To comply with FDA standards, the clinical trial is rigorous. Most patients don’t qualify to be candidates. De Marchena said he’s screened more than 80 patients at the UM site but only a handful met the qualifications to participate. Similarly at Baptist, only about one of every 25 patients screened for the trial have been enrolled, said Dr. Alex Powell, the site’s principal investigator.
To participate, patients must be between 18 and 80, and have a systolic blood pressure reading that’s usually more than 160. They must also be taking three or more prescription medications for high blood pressure, including one diuretic, and can’t have a history of major kidney problems.

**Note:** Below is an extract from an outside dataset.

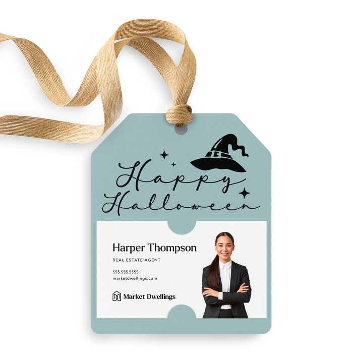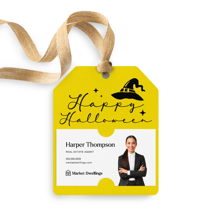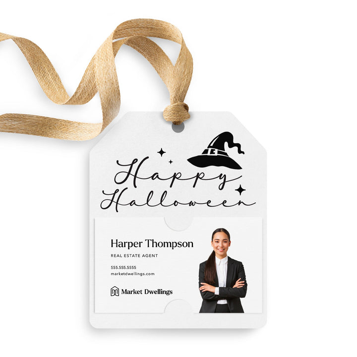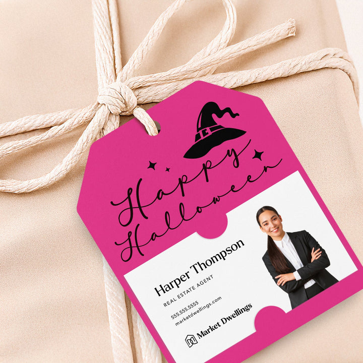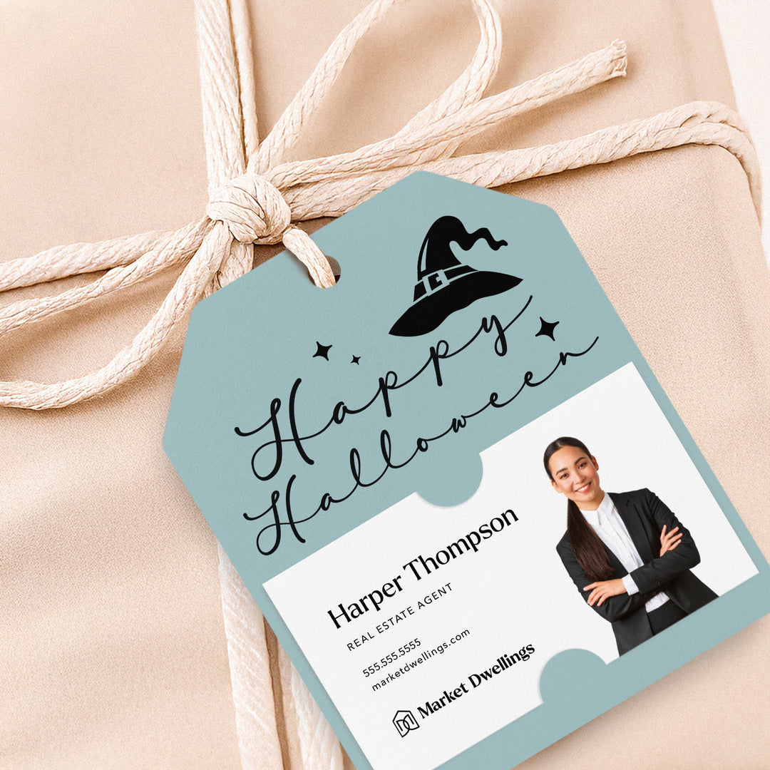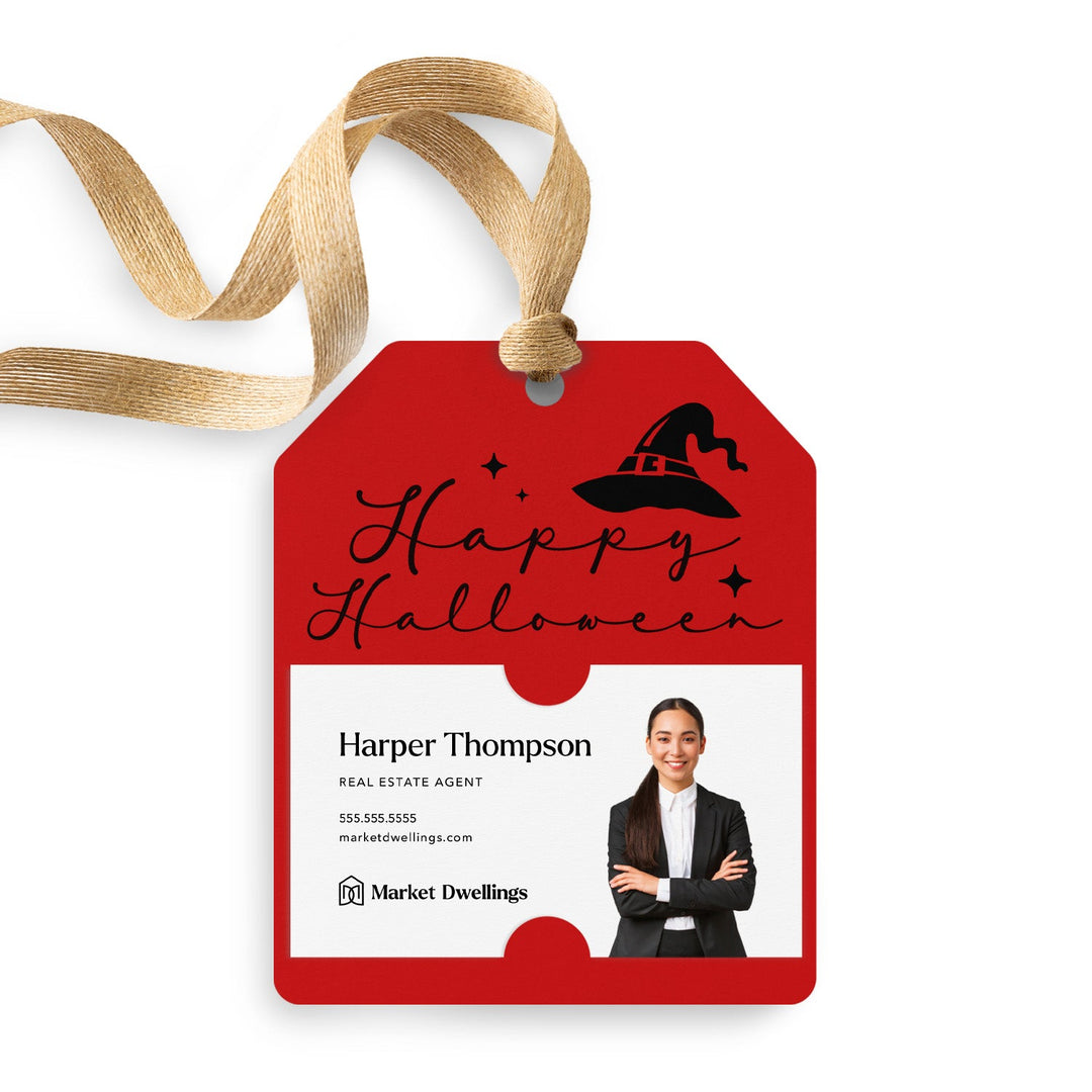 Are you a real estate agent looking to stand out from the competition and make a lasting impression on your clients this Halloween? Look no further than our Happy Halloween Witches Hat Pop By Gift Tags! These unique and charming gift tags are perfect for adding a personalized touch to your client gifts or marketing materials. Each tag features a slot to hold your business card, making it easy to stay connected with clients and potential leads. Show your clients that you care about their business and build strong relationships with our Happy Halloween Witches Hat Pop By Gift Tags. Order now and make this Halloween a memorable one for your business!

“The main reason people do not qualify for the trial is the requirement of being on three medications at the maximum dosing levels,” Powell said. “Also, I’ve had several patients who could not take a diuretic. Getting people enrolled is very difficult.”
The study is controlled, which means that some of the enrolled patients will be given a placebo instead of the device, in order to serve as a control group. However, after six months, patients in the control group will be offered the procedure for free if they are interested.
After talking about the trial with her primary care doctor and reading information online, Joseph began the initial candidate tests for the trial. She is currently monitoring her blood pressure every day as part of the screening process.
“I’m really interested in it because I feel like I’m going to get somewhere, finally,” she said. “I would be more than pleased to participate to see if I can get my blood pressure resolved.”